## ACTIVITY
Set down every line from the one with "近日,由天风证券主办的汉江检" to the end of the entries, both ends included, exactly as it reads and without pictures.

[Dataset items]
-- Opening Marker --

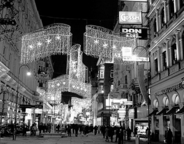 从11月末到明年1月中旬,总共230万盏灯饰被用来装点维也纳市的46条主要街道和广场。同时,为了节约能源,其中27条街道和广场的灯饰已经全部改装节能灯,能耗只有原来的七分之一。图为新近改造完成的维也纳市中心的克恩滕商业街被55万盏水晶灯饰装点得格外漂亮。 本报驻维也纳记者 王宝锟摄影报道
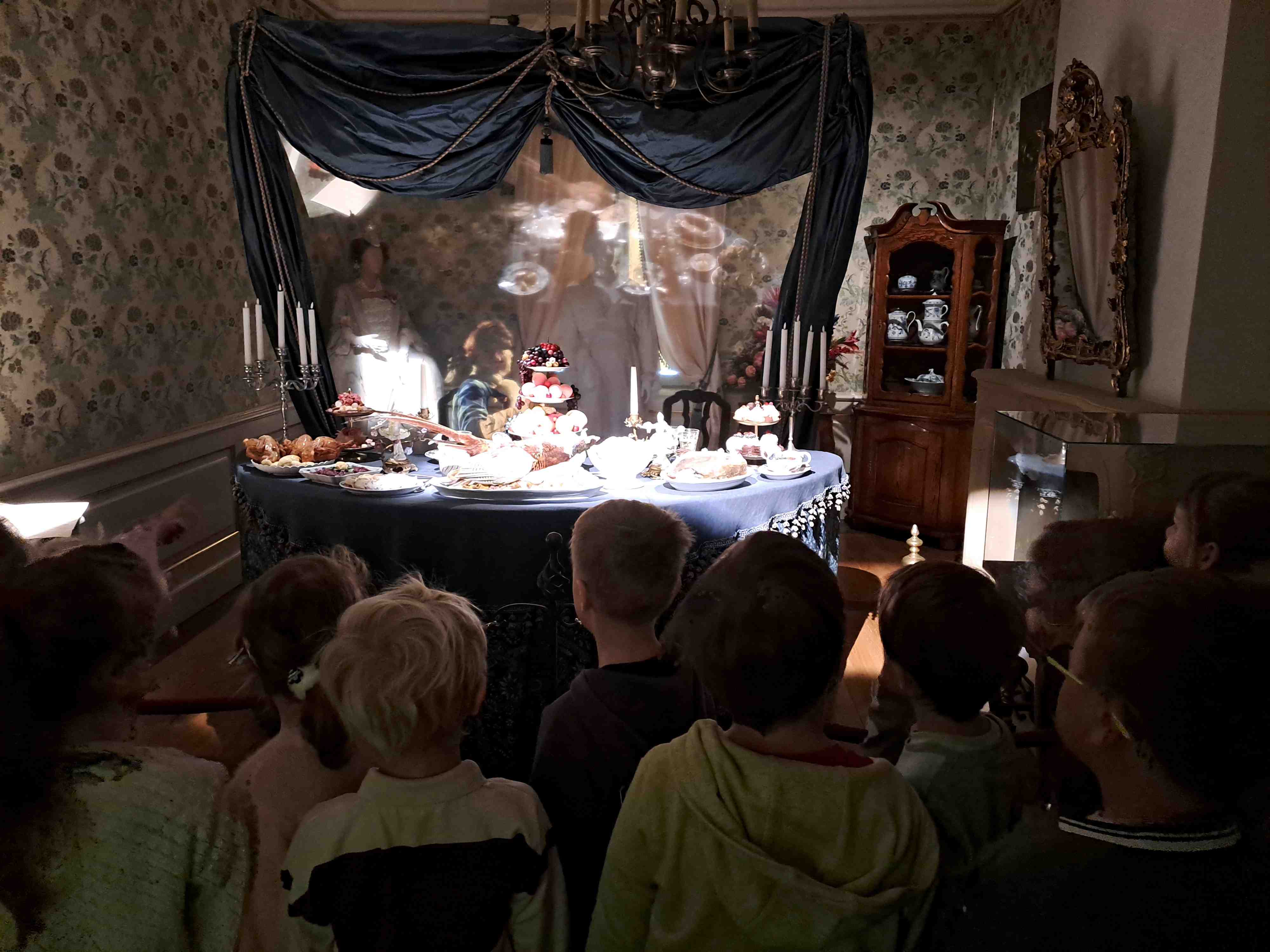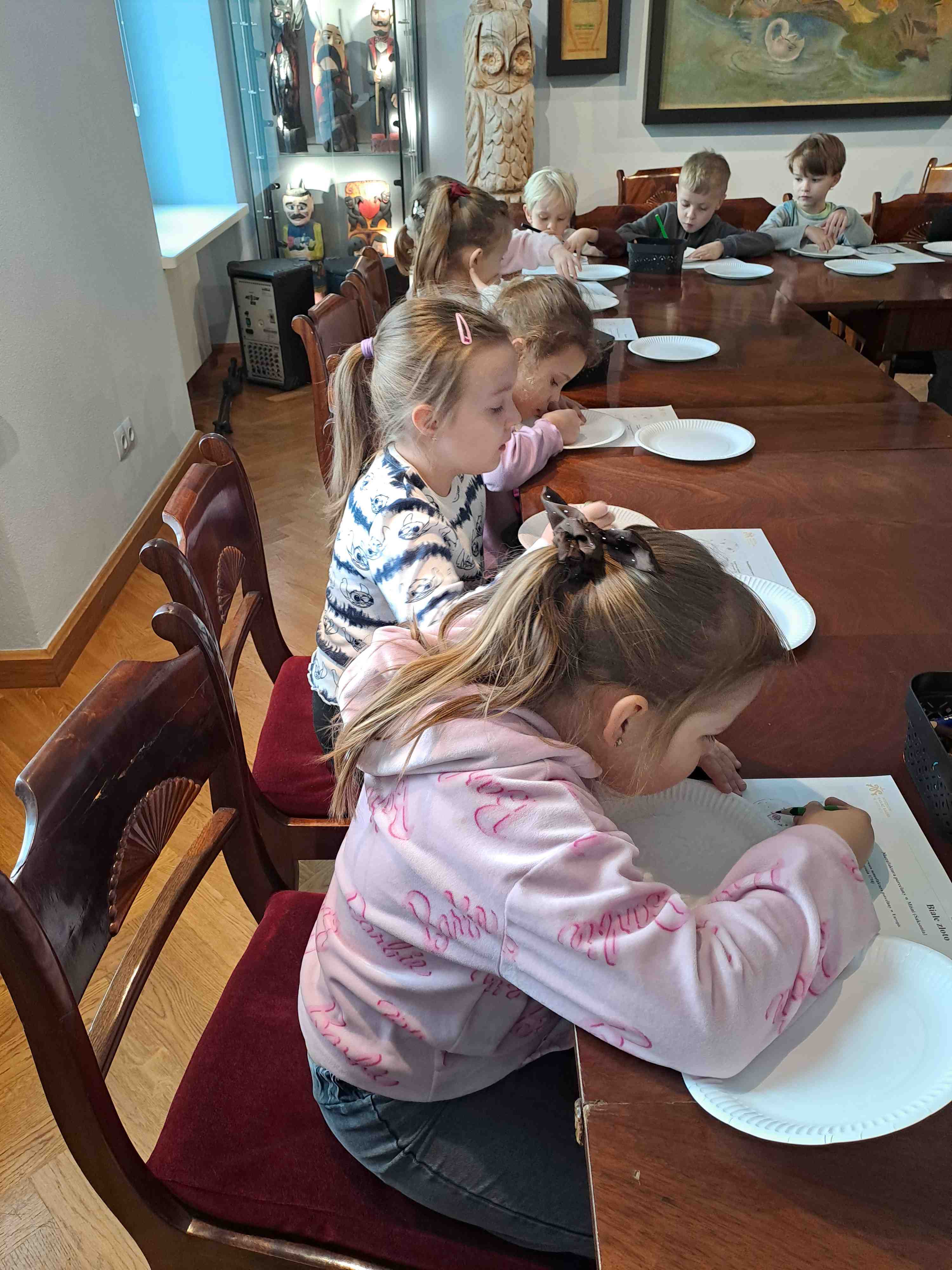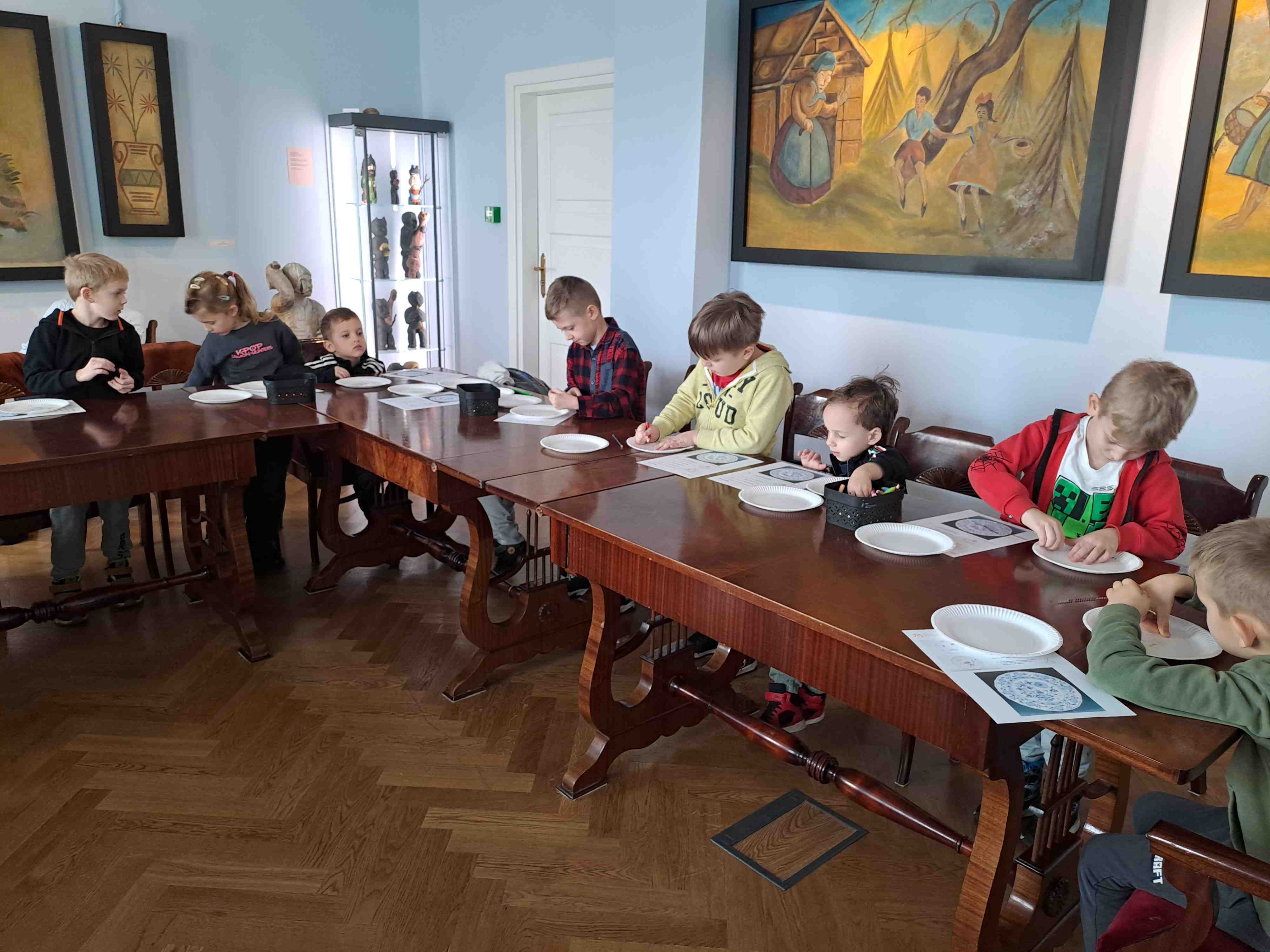 W dniu dzisiejszym "Motylki" uczestniczyły w zajęciach tematycznych pod hasłem "Królewski obiad" w Muzeum Regionalnym w Kutnie. Poznały zwyczaje kulinarne panujące za panowania króla Augusta III Sasa i królewskie zamiłowanie do gorącej czekolady. Podziwiały zastawę stołu oraz zbiory porcelany zgromadzone w muzeum. Następnie wysłuchały również krótkiej opowieści na temat organizowanych na dworach królewskich wystawnych przyjęć i uczt. W drugiej części zajęć dzieci projektowały wzory, które mogłyby znaleźć się na zastawie z dawnych lat. Doskonaliły także umiejętność nakrywania do stołu. Zajęcia bardzo podobały się "Motylkom" i z niecierpliwością czekają już na kolejne.
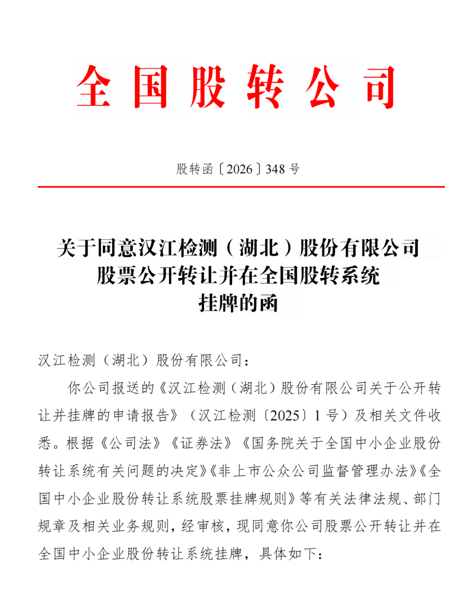 近日,由天风证券主办的汉江检测(湖北)股份有限公司(以下简称汉江检测)正式在全国中小企业股份转让系统(新三板)挂牌,证券代码874807。
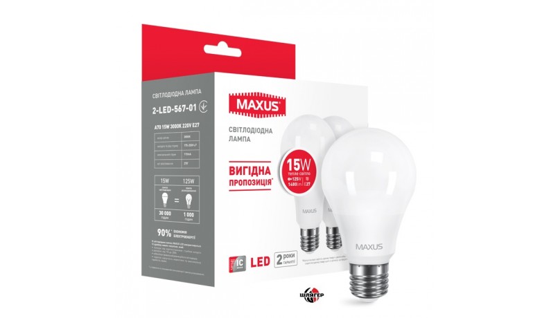 MAXUS 2-LED-567-01 Лампа світлодіодна матова A70 15W 3000 K E27 1400Lm, кут розсіювання 270гр, набір з двох ламп
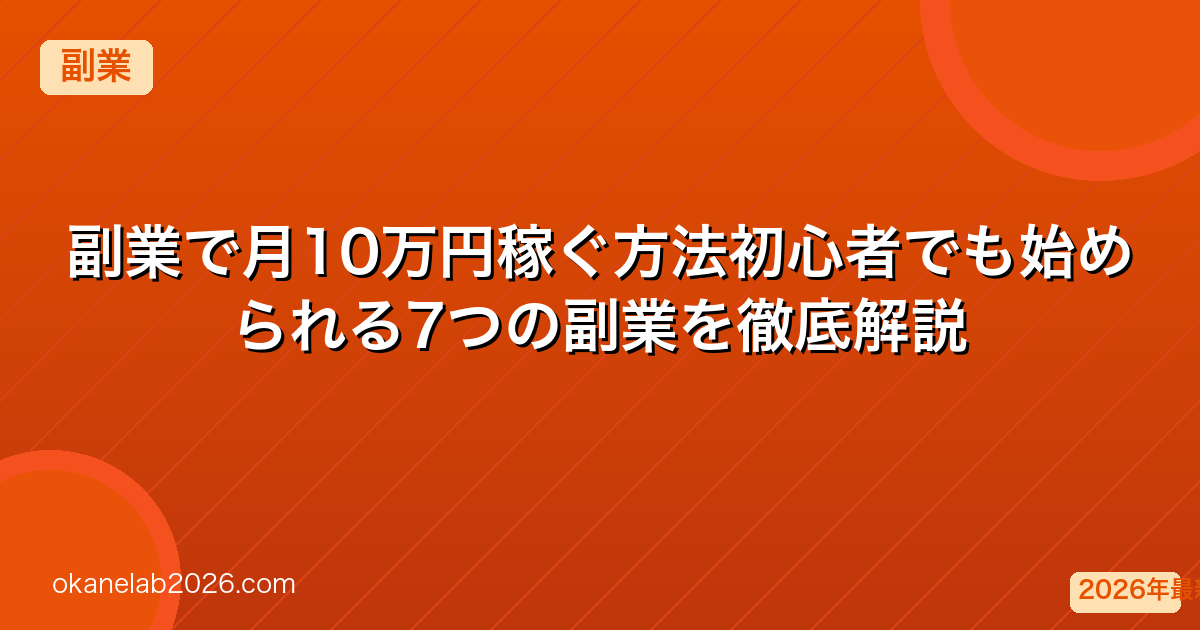 「副業で月10万円稼ぎたいけど、何から始めればいいかわからない」という方に向けて、2026年現在の副業事情と、初心者でも始められる7つの副業を徹底解説する。

-- Closing Marker --

## ANSWER TO THIS PROBLEM
 近日,由天风证券主办的汉江检测(湖北)股份有限公司(以下简称汉江检测)正式在全国中小企业股份转让系统(新三板)挂牌,证券代码874807。
 MAXUS 2-LED-567-01 Лампа світлодіодна матова A70 15W 3000 K E27 1400Lm, кут розсіювання 270гр, набір з двох ламп
 「副業で月10万円稼ぎたいけど、何から始めればいいかわからない」という方に向けて、2026年現在の副業事情と、初心者でも始められる7つの副業を徹底解説する。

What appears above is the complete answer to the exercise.